Under the Notice, the Treasury and the IRS have concluded that, as to a transfer from a party in a same-sex marriage, the allocation of GST tax exemption to a prior outright transfer to the transferor’s spouse or the spouse’s child is void. Applying this to the above example, even though B is 25 years younger than A, B is A’s spouse so B is assigned to A’s generation. Thus, any prior gifts by A to B or to any of B’s children—even in closed tax years—are now deemed to not have been GST tax transfers. Based on a calculation worksheet to be released in the future, A will have his GST tax exemption restored. As with the gift tax, if any GST taxes were paid and the particular tax year is closed, no refund is allowable. 

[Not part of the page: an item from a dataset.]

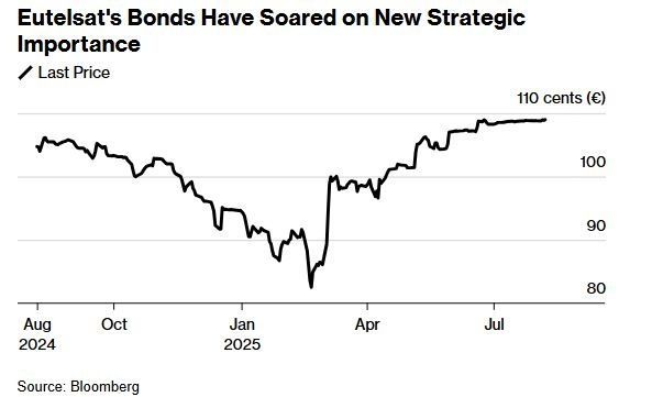 Σε αυτό το κλίμα, τα ομόλογα της Eutelsat Communications SA έχουν εκτοξευθεί τους τελευταίους μήνες λόγω της νέας στρατηγικής σημασίας της εταιρείας δορυφορικών επικοινωνιών, απομακρύνοντάς την από τις τάξεις εκείνων που θεωρούνται ότι βυθίζονται σε οικονομική δυσχέρεια.

Other Important Points from the Notice

With respect to the procedures for implementing the relief granted by the Notice, the Notice provides the same procedures with respect to the covered marital and GST tax transfers.

First, the adjustment for the applicable exclusion amount and GST tax exemption will occur on the first federal gift tax return (709) to be filed by the taxpayer after the issuance of the Notice. If the taxpayer dies prior to filing a 709, the adjustment should be made on the taxpayer’s federal estate tax return. If the year in question is an open year, then an amended Form 709 for that year should be filed.

Second, with whichever return is filed, a statement at the top of page 1 should be added, which reads, “FILED PURSUANT TO NOTICE 2017-15.”

Third, the taxpayer must attach a statement supporting the claim for the marital deduction/adjustment to the GST tax exemption and detailing the recalculation of the taxpayer's remaining applicable exclusion amount/GST tax exemption.

Major Step

For same-sex married couples who were denied federal tax benefits prior to the issuance of the Windsor decision, the Notice is a major step towards the reconciliation of constitutional law concepts and the practical effects when applied to federal tax statutes. The only open item with respect to the restoration of previously used gift tax applicable exclusion amount is to understand the methodology under which the IRS will implement the relief described in the Notice. The relief for GST tax exemption, however, doesn’t appear to be as complex, and its implementation should be much simpler procedure.



  1. United States v. Windsor, 570 U.S. ___ (2013).